Pour vivre en société, chacun prend sur lui. Il n'y a pas de raison que les dévots des différentes religions aient, plus que d'autres, le droit de n'être jamais offensés. Et il n'y a aucune raison que ce "droit" soit reconnu plus aux musulmans qu'aux chrétiens ou aux athées.

Le blasphème fait partie des traditions françaises. Nous connaissons tous des histoires d'enfants de choeur qui urinaient dans le bénitier.

Récemment, une "oeuvre d'art" nommée Christpiss, représentant le Christ plongé dans de l'urine, a été exposée en Avignon avec subventions publiques s'il vous plait !

L'Eglise a osé protester, et elle s'est attiré les foudres de Libération, qui traite les protestataires de pisse-vinaigre.

Puisque Libération est si attaché à la liberté de blasphémer en utilisant de l'urine, on espère voir ce journal au nombre de ceux qui défendront Caliméro.
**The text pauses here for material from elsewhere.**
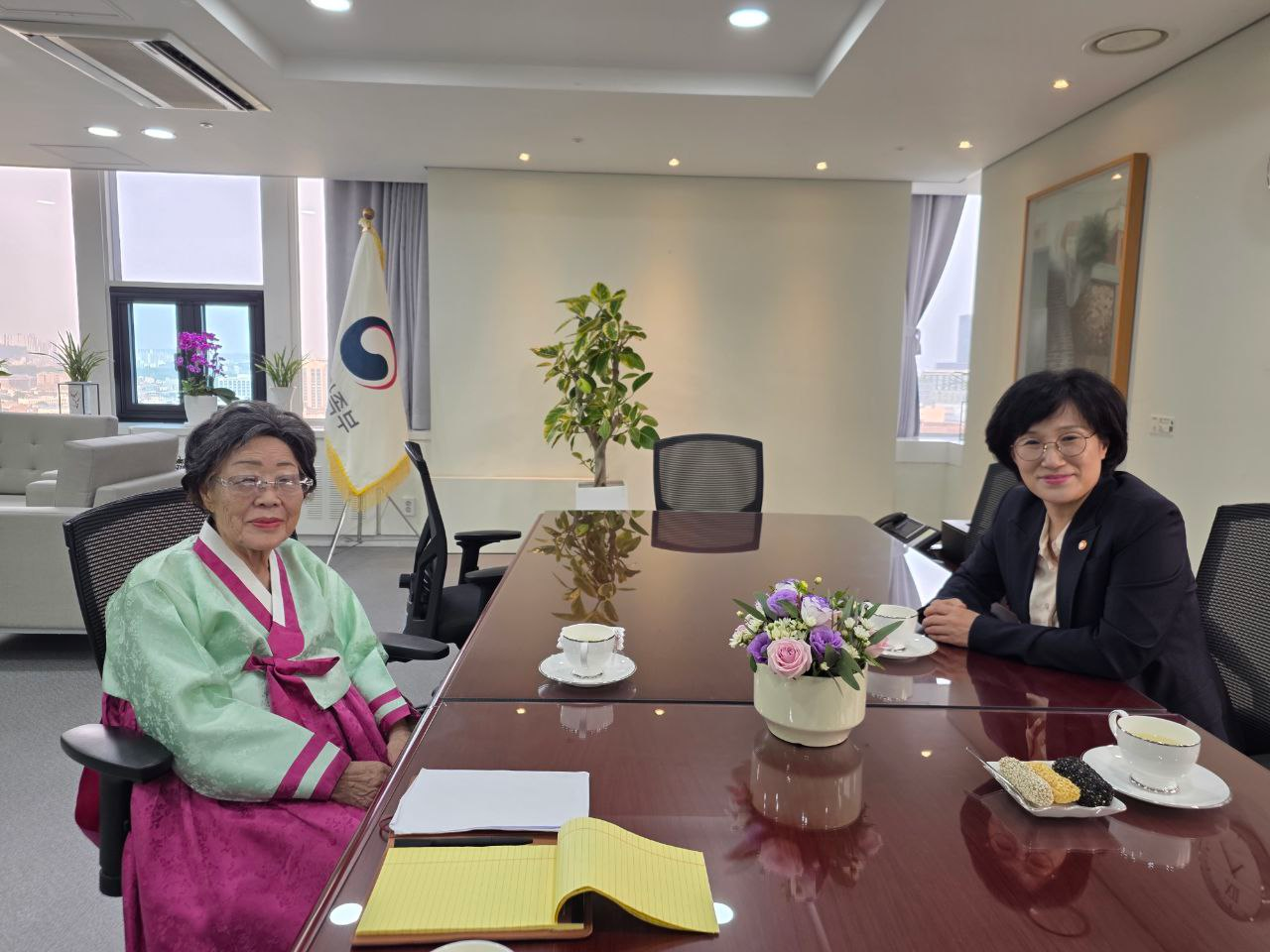 9월 30일, 정의기억연대 이나영 이사장은 이용수(피해생존자, 인권운동가) 할머니를 모시고 성평등가족부 장관실에서 지난 10일 새롭게 취임한 원민경 장관을 면담했습니다. 할머니께서는 그간 여성가족부 수장이 없어 곤란했다고 하시며, 장관 취임을 진심으로 축하해주셨습니다. 일본 정부의 사죄, 배상을 다시 한번 강조하시며, 일본 정부를 상대로 피해자들이 쟁취한 2023년 11월 23일 고등법원 승소 판결 집행을 위해 한국 정부가 애써 달라고 하셨습니다. 또한 화해치유재단 잔여금은 일본에 꼭 돌려주라는 당부를 전하셨습니다.

 Le procès Caliméro a ce point commun avec le procès Sabaditsch-Wolff : l'acharnement à condamner, quitte à opérer des figures acrobatiques entre des incriminations qui n'ont rien à voir avec les faits. On rappellera d'Elisabeth Sabaditsch-Wolff est une conférencière qui avait, elle aussi, été inculpée en Autriche d'incitation à la haine raciale, mais sans qu'il soit possible de la condamner de ce chef, car ses critiques de l'islam étaient parfaitement étayées. Elle fut donc condamée pour blasphème pour avoir osé dire que Mahomet était pédophile. Le tribunal lui reprocha d'avoir menti sur ce point. Il reconnut que Mahommet avait bien épousé Aïcha à six ans et l'avait bien déflorée à neuf, mais, étant donné qu'il couchait AUSSI avec des femmes adultes, Madame la Juge considéra qu'il n'était pas pédophile.

On en rirait, si ce n'était tragique.